KeyCorp's fourth-quarter loss narrowed despite higher loan-loss provisions as the regional bank's posted its seventh-straight quarter of red ink. But revenue was up and the results exceeded analysts' expectations.
Shares rose 4.3% premarket to $7.26.
The Ohio-based regional bank has been cutting costs and reducing its exposure to higher risk loans, including commercial real-estate in recent months. Though it managed to skirt the subprime-mortgage crisis, it wasn't as skillful at side-stepping the subsequent commercial real-estate downturn. KeyCorp in October was among banks that saw slower growth of bad loans.
The company reported a loss of $224 million, or 30 cents a share, compared with a prior-year loss of $524 million, or $1.13 a share. Excluding write-downs and other impacts, the loss narrowed to 39 cents a share from 52 cents a share.
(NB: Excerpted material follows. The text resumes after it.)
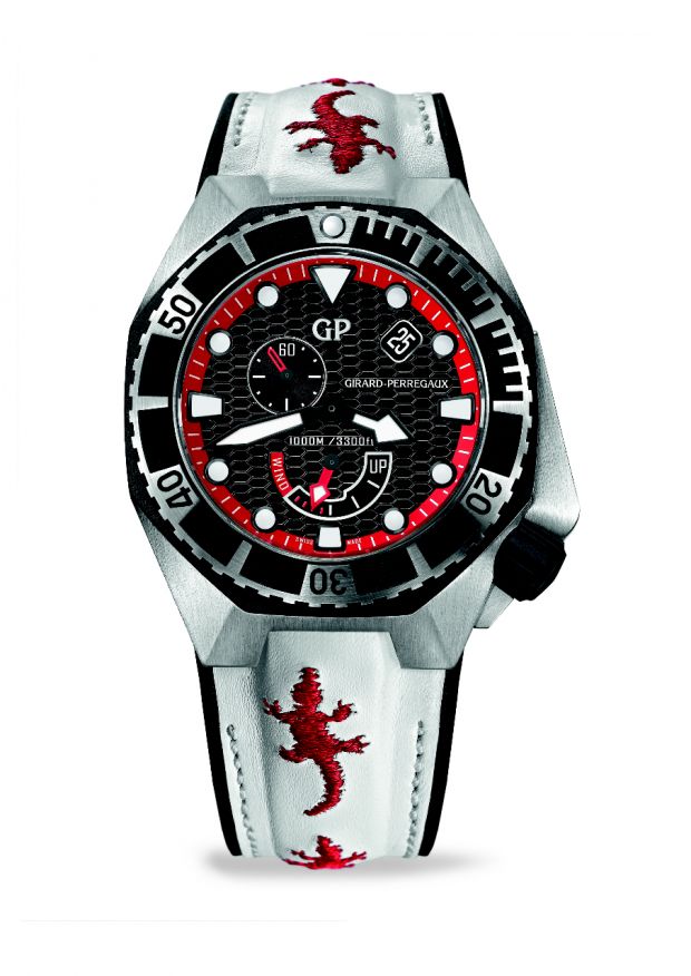 Girard Perregaux sort une nouvelle ligne ainsi qu’un nouveau modèle. La nouvelle ligne, c’est la Hawk, une nouvelle collection de montres de sport comprenant la Sea Hawk et la Chrono Hawk. Elle réinterprète l’octogone du modèle Laureato. La première, la Sea Hawk, est garantie étanche jusqu’à 1000 mètres et possède une valve à hélium. Des modèles sports bienvenus chez GP mais dont on recherche encore l’originalité, voire l’intérêt… Prix : de 10.000 à 12.000 euros. Paradoxalement, c’est peut-être le modèle développé exclusivement en série limité pour la Miami Art Week qui est le plus attirant avec son crocodile rouge et son réhaut de lunette de la même couleur.

Revenue increased 11% to $1.12 billion.
Analysts polled by Thomson Reuters forecast a loss of 40 cents a share on revenue of $1.06 billion.
KeyCorp's loan-loss provisions increased 56% to $2.5 billion from a year earlier, but was flat with the previous quarter. On a continuing operations basis, net charge-offs, or loans the lender doesn't expect to collect, rose to 4.64% from 1.67% a year earlier and 3.59% the previous quarter. Nonperforming loans grew to 3.72% from 1.68% and 3.68%.